On July 12, I attended a continuing legal education seminar on probation and pre-sentence investigations. The session was presented by two supervisors at Dakota County Community Corrections, Heidi Siebenaler and Phyllis Grubb.
I was especially interested in this particular CLE for two reasons.
For one thing, I worked in state government as a criminal justice planner for six years, from 1997 to 2003. In the early 2000s, I worked in the Minnesota Department of Corrections under then-Deputy Commissioner Mark Carey, who previously directed Dakota County Community Corrections.
The other reason I was so interested was that, in law school in the mid-1980s, I’d written my student law review note on pre-sentence reports. More precisely, my topic was the discoverability of federal pre-sentence reports under the Freedom of Information Act. Though I chose not to publish the piece, writing it earned me the job of articles editor on the Valparaiso University Law Review for my third year of law school.
Interestingly, one of the specific issues regarding pre-sentence investigation (PSI) reports that the two presenters raised was confidentiality. According to Siebenaler, some Minnesota counties bifurcate the PSI into confidential and non-confidential parts. In Dakota County, however, the entire report is considered confidential.

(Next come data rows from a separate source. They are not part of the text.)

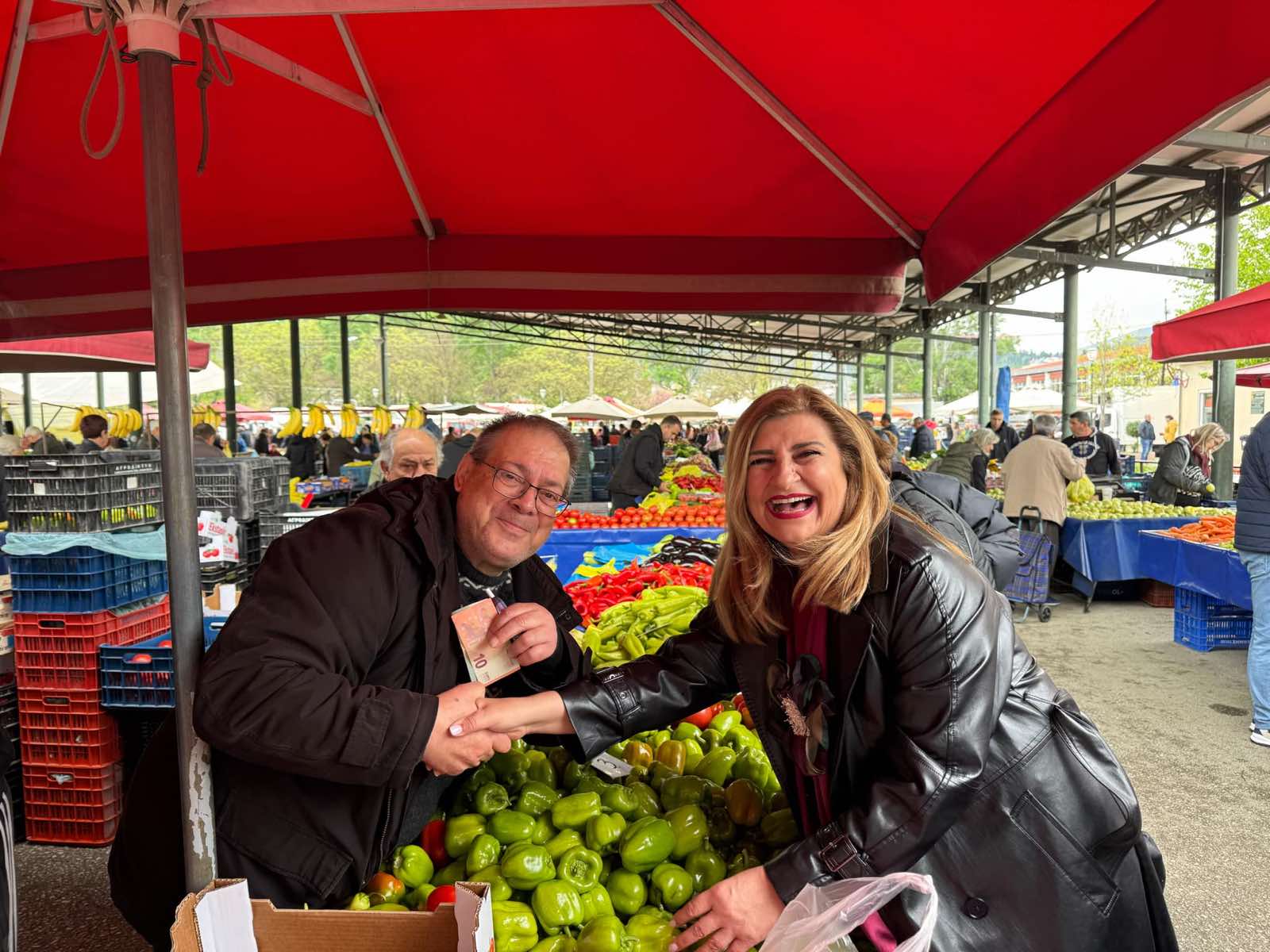 Η βουλευτής Λάρισας επισκέφθηκε τη λαϊκή αγορά, τα καταστήματα και τις επιχειρήσεις της πόλης, ενώ συνομίλησε με πολίτες, επιχειρηματίες, εμπόρους και αγρότες, ενώ ακολούθως κατευθύνθηκε στην αγορά και τα καφέ της πόλης, ανταλλάσσοντας ευχές με φίλους, παράγοντες και φορείς της τοπικής κοινωνίας.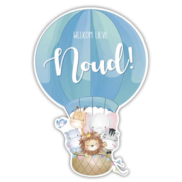 Geboortebord blauwe luchtballon met dieren | Jongen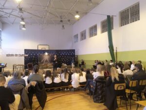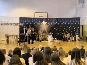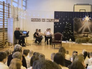 W przedświątecznej atmosferze w naszej szkole odbyły się jasełka bożonarodzeniowe pt. „Podróż do Betlejem”, przygotowane przez uczniów klas VI i V, które zgromadziły całą społeczność szkolną oraz zaproszonych gości. Spotkanie rozpoczęło się od świątecznych życzeń pana Dyrektora, który wszystkim zgromadzonym życzył zdrowia, spokoju oraz wielu radosnych chwil w gronie rodzinnym. Wydarzenie poprowadzili uczniowie klasy VIII.
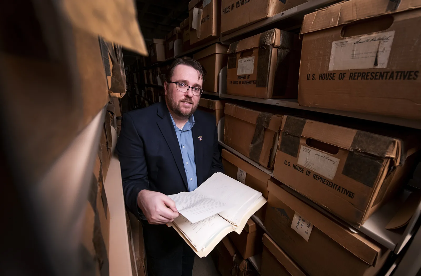 Libraries Professor Jeff Hancks reviews some of the papers contained in the 587 boxes of the Tom Railsback Collection that were donated to WIU Library Archives.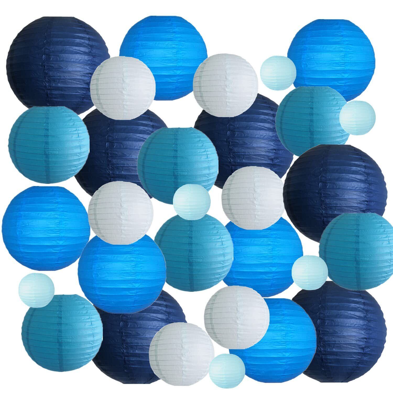 提灯セット 30個 紙提灯 お盆 ちょうちん 5種サイズ各6個 紙 ランタン カラー 提灯 祭り 灯籠 新盆 初盆 お盆飾り パーティー イベント 飾り付け 居酒屋 誕生日 結婚式 開店 (青)

At first glance, it may seem odd, or even Kafkaesque, not to provide the offender with a copy of his own report. That is the rule, though, in Dakota County. The defense attorney is allowed to see it, but not the offender..
On further analysis, however, the rationale for the rule becomes clearer. In domestic abuse cases, for example, information that other parties have communicated to investigators about the offender can be very sensitive. In fact, Siebenaler said, this can even be a concern when information is communicated to the offender indirectly through the defense attorney.